Linda Ann stirred just a bit. He repeated himself though a bit
louder - drawing the word gun out to its fullest emphasis. This made her
blue-green eyes widen to begin a stare at the front entrance while her
strawberry blonde hair moved nervously.
Johnny took the Mexican hat off that he bought at the old Indian
market in San Miguel Allende - so his curly hair would be more visible. He
placed his shoulder bag under the bench; fearing they might think he had a gun
inside and begin shooting before asking questions as was done in some USA
cities, towns and villages. He pretended a sedate conversation with Linda Ann
that lasted a full ten minutes with much head nodding and hand movements
shaping a meaning from words not being heard nor making much sense.
"Linda, I'm going to see what's happening," he said now wishing
he had ordered six breakfasts - fearing he was never going to eat again; seeing
his body shuddering from the effects of a thousand bullets entering it from all
kinds of directions; something like Bonny and Clyde had gone through.
He peeked out to the side and not ten feet away was a soldier
standing at attention holding his rifle against his chest.
"The train will be coming soon, Linda. Midnight!" he said more
to the soldier than to his wife. Then nonchalantly, he went back to sit. After
five minutes of starring at the entrance: imagining all kinds of charging
positions - with machetes twirling around heads, Johnny decided he would go see
what was keeping them. He swore he felt Zapata and Pancho nearby.
"Nobody out here! They're gone! Let's go stand on the platform,"
he said regaining his macho composure.
The train came promptly.
Their toilet was broken but this trip back they could see out of
their compartment window and once again they missed their complimentary meal
when Johnny insisted on this train they would most likely have two sittings
since it was much bigger than the one they had come down on and so finished
shaving as the bell continued to toll for them and when they came out they were
told the dining car with all the different vending machines was left back at
the last stop.
For the rest of the fifteen hour trip north the rumbling of
their stomachs matched that of the train's ....
As he walked in this old section of town he felt as if he had
returned a hundred years in the past where the once free proud Indian-Mexicans
had dwelled in new building. When the furtive whistles began after his so many
steps he flashed back to an eleven year old kid staring at a picture depicting
Custer's Last Stand and now he realized what the guy was thinking when viewing
the eighty million Indians looking down at him from a hundred ridges: Look at
all those fucking Indians! He was sort of glad only whistles accompanied his
walk and stopped when he left the old neighborhood and just before the park
entrance he spotted a guy wearing blond hair and he hoped it was the guy's;
rushing up to him nearly out of control with eyes glazed surrounded by sweat
and in a trembling Custer like voice he asked the guy if he were a USA person.

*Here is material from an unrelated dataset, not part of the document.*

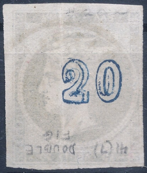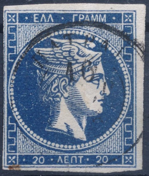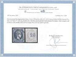 Lot0188 - ΕΛΛΑΔΑ 1871-1876 20 λεπτά μπλε βαθύ (deep blue) με διπλό ΑΕ, συνοδεύεται με πιστοποιητικό Παπαθανασίου ☉

Johnny jumped with excitement when the man replied: "I'm a bloody Englishman,
sir."
"You were once our mother country! And because you taxed us for
past services-"
"Are you quite all right?" the blond man said.
Johnny got a grip on himself literally as he often did talk
around a point he was trying to make and he finally asked him if he knew of any
reasonable accommodations in the area.
When the man told him of one about two miles out of town, Johnny
almost kissed him but his culture rivaled the macho shit of the conquistadors
and so he just pumped his hand for a minute and then began a big run to Linda
Ann who was still wearing the same expression; only now it had an added
ingredients of anger and disdain.
Within minutes they were in a cab and so excited he was he
didn't realize his front seat tilted so much that he was leaning so far
backward that he could see Linda Ann from ankle to head.

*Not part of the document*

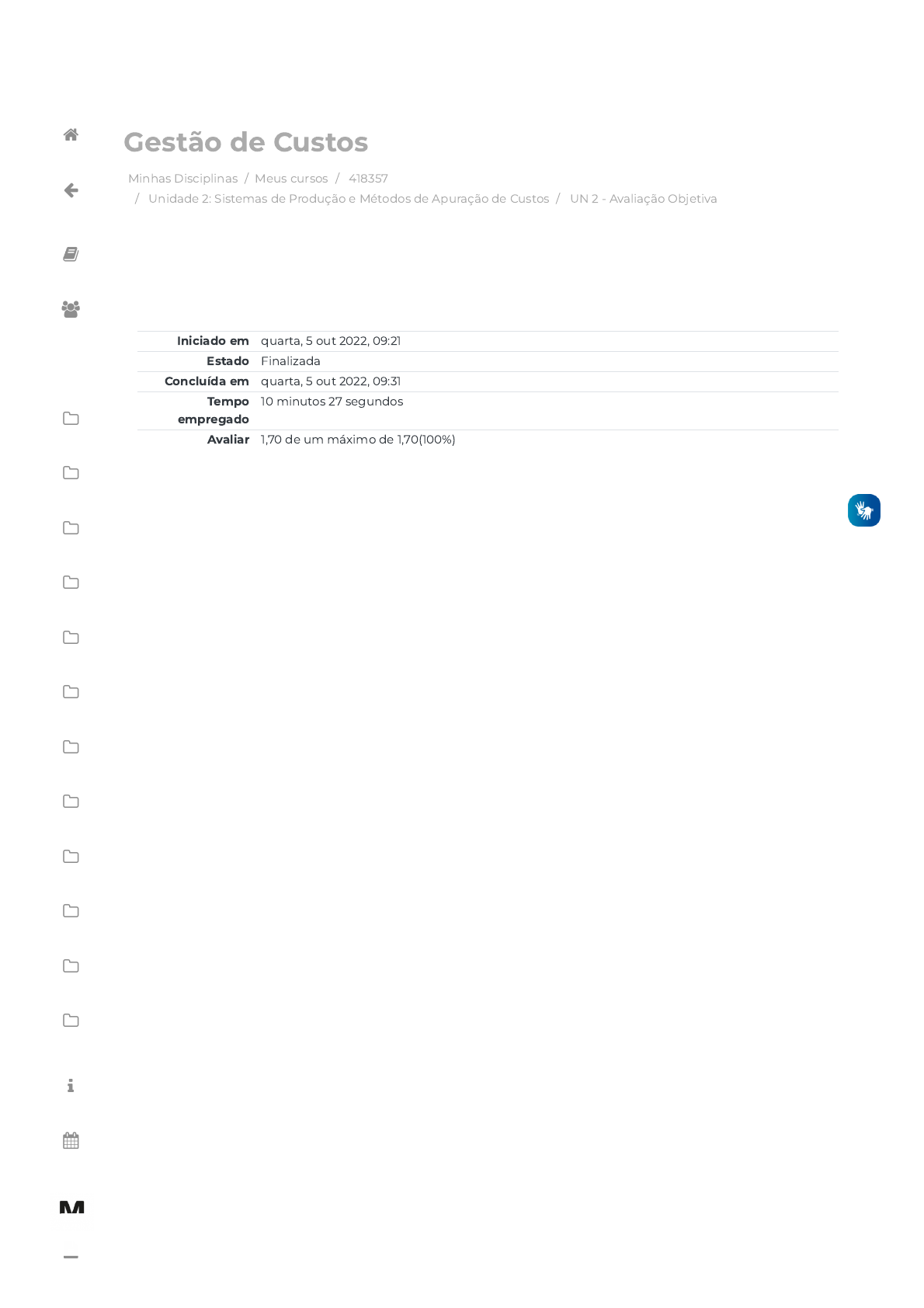 05/10/2022 09:31 UN 2 - Avaliação Objetiva: Revisão da tentativa https://avap.multivix.edu.br/mod/quiz/review.php?attempt=2045633&cmid=1259095 1/6 Minhas Disciplinas / Meus cursos / 418357 / Unidade 2: Sistemas de Produção e Métodos de Apuração de Custos / UN 2 - Avaliação Objetiva Gestão de Custos Iniciado em quarta, 5 out 2022, 09:21 Estado Finalizada Concluída em quarta, 5 out 2022, 09:31 Tempo empregado 10 minutos 27 segundos Avaliar 1,70 de um máximo de 1,70(100%)                     https://avap.multivix.edu.br/my/ https://avap.multivix.edu.br/course/view.php?id=19108 https://avap.multivix.edu.br/course/view.php?id=19108§ion=3 https://avap.multivix.edu.br/mod/quiz/view.php?id=1259095 https://avap.multivix.edu.br/my/ https://avap.multivix.edu.br/course/view.php?id=19108 https://avap.multivix.edu.br/user/index.php?id=19108 https://avap.multivix.edu.br/course/view.php?id=19108§ion=1 https://avap.multivix.edu.br/course/view.php?id=19108§ion=2 https://avap.multivix.edu.br/course/view.php?id=19108§ion=3 https://avap.multivix.edu.br/course/view.php?id=19108§ion=4 https://avap.multivix.edu.br/course/view.php?id=19108§ion=5 https://avap.multivix.edu.br/course/view.php?id=19108§ion=6 https://avap.multivix.edu.br/course/view.php?id=19108§ion=7 https://avap.multivix.edu.br/course/view.php?id=19108§ion=8 https://avap.multivix.edu.br/course/view.php?id=19108§ion=9 https://avap.multivix.edu.br/course/view.php?id=19108§ion=10 https://avap.multivix.edu.br/course/view.php?id=19108§ion=11 https://avap.multivix.edu.br/course/view.php?id=19108§ion=12 https://avap.multivix.edu.br/mod/page/view.php?id=1252%2F%22%20target%3D%22_blank https://avap.multivix.edu.br/calendar/view.php/ https://avap.multivix.edu.br/local/staticpage/view.php?page=biblioteca https://portalweb.multivix.edu.br/gabaritos/login.aspx https://avap.multivix.edu.br/ 05/10/2022 09:31 UN 2 - Avaliação Objetiva: Revisão da tentativa https://avap.multivix.edu.br/mod/quiz/review.php?attempt=2045633&cmid=1259095 2/6 Questão 1 Correto Atingiu 0,34 de 0,34 A empresa TZL fabrica e comercializa um único tipo de produto – bolachas do tipo ‘Cream Cracker’ – e está presente no mercado há cerca de quinze anos. Mensalmente, a empresa fabrica 500.000 unidades (pacotes com 200g) deste produto, e seus custos de produção, para cada dez mil unidades, são dados da seguinte forma: Materiais = R$ 4.300; Mão-de-obra direta: R$ 1.000; Custos indiretos = R$ 900; Outros custos �xos = R$ 850. Recentemente, a TZL recebeu uma proposta da empresa líder no mercado, no sentido de terceirizar a sua produção; na verdade, a empresa líder fabricaria o produto, e a repassaria para a TZL a R$ 0,67 por pacote, que revenderia sob sua marca. É preciso, no entanto, enfatizar que 25% dos custos �xos não são abolidos, mesmo com a produção terceirizada, e o custo de frete seria igual a R$ 0,04 por unidade. Desta forma, considerando o conteúdo exposto, analise as a�rmações a seguir. I – O custo unitário para produção própria é igual a R$ 0,705. II – A decisão pela compra junto a terceiros implica na manutenção dos custos �xos em um montante igual a R$ 0,064, que deverá ser repassado ao produto. III – O negócio não é interessante para a empresa TZL, pois o custo de aquisição junto à concorrência é igual a R$ 0,774. É correto o que se a�rma em Escolha uma opção: a. I, II e III. b. I e II, apenas. c. I, apenas.  d. III, apenas. e. II, apenas.                     https://avap.multivix.edu.br/my/ https://avap.multivix.edu.br/course/view.php?id=19108 https://avap.multivix.edu.br/user/index.php?id=19108 https://avap.multivix.edu.br/course/view.php?id=19108§ion=1 https://avap.multivix.edu.br/course/view.php?id=19108§ion=2 https://avap.multivix.edu.br/course/view.php?id=19108§ion=3 https://avap.multivix.edu.br/course/view.php?id=19108§ion=4 https://avap.multivix.edu.br/course/view.php?id=19108§ion=5 https://avap.multivix.edu.br/course/view.php?id=19108§ion=6 https://avap.multivix.edu.br/course/view.php?id=19108§ion=7 https://avap.multivix.edu.br/course/view.php?id=19108§ion=8 https://avap.multivix.edu.br/course/view.php?id=19108§ion=9 https://avap.multivix.edu.br/course/view.php?id=19108§ion=10 https://avap.multivix.edu.br/course/view.php?id=19108§ion=11 https://avap.multivix.edu.br/course/view.php?id=19108§ion=12 https://avap.multivix.edu.br/mod/page/view.php?id=1252%2F%22%20target%3D%22_blank https://avap.multivix.edu.br/calendar/view.php/ https://avap.multivix.edu.br/local/staticpage/view.php?page=biblioteca https://portalweb.multivix.edu.br/gabaritos/login.aspx https://avap.multivix.edu.br/ 05/10/2022 09:31 UN 2 - Avaliação Objetiva: Revisão da tentativa https://avap.multivix.edu.br/mod/quiz/review.php?attempt=2045633&cmid=1259095 3/6 Questão 2 Correto Atingiu 0,34 de 0,34 A empresa MQP realizou, para o mês de janeiro de 2018, um desembolso de R$ 18.000 com a cobertura de seus custos de produção. Sabe-se que os custos do material direto foram iguais a 35% do total, que devem ser somados a outros 25%, relativos à mão-de-obra; os gastos com materiais indiretos compõem o restante dos desembolsos. Estes gastos foram 15% superiores ao encontrado em 2017. Um dos objetivos estipulados pelos acionistas e pelos gestores �nanceiros, trata-se da expectativa de que esses gastos em 2019 sejam apenas de R$ 21.600, ou seja, 20% superiores aos gastos de 2018. Assim sendo, a partir do conteúdo exposto, e considerando seus conhecimentos sobre a temática proposta, assinale a opção correta. Escolha uma opção: Escolha uma opção: a. Os custos de produção em 2019 devem ser 38% superiores aos gastos obtidos em 2017.  b. O custo da mão de obra em 2019 será 2,63 vezes maior do que em 2017. c. O gasto com material indireto previsto para 2019 será inferior a R$ 9.900,00. d. Em 2017, os custos com mão-de-obra foram iguais a R$ 5.125,00. e. Os gastos com material direto realizados em 2017

Getting out of the cab just in front of the very nice looking
hotel, Johnny bent to get the suitcases but up on the upswing he could not
manage to get back into an erect position. He whispered painfully to her to get
a room and not to worry about the price.
Linda Ann came back in five minutes telling him it was
thirty-five dollars. He nodded and smiled and began his hunch back of Notre
Dame walk; not able to see the smile on Linda Ann's face.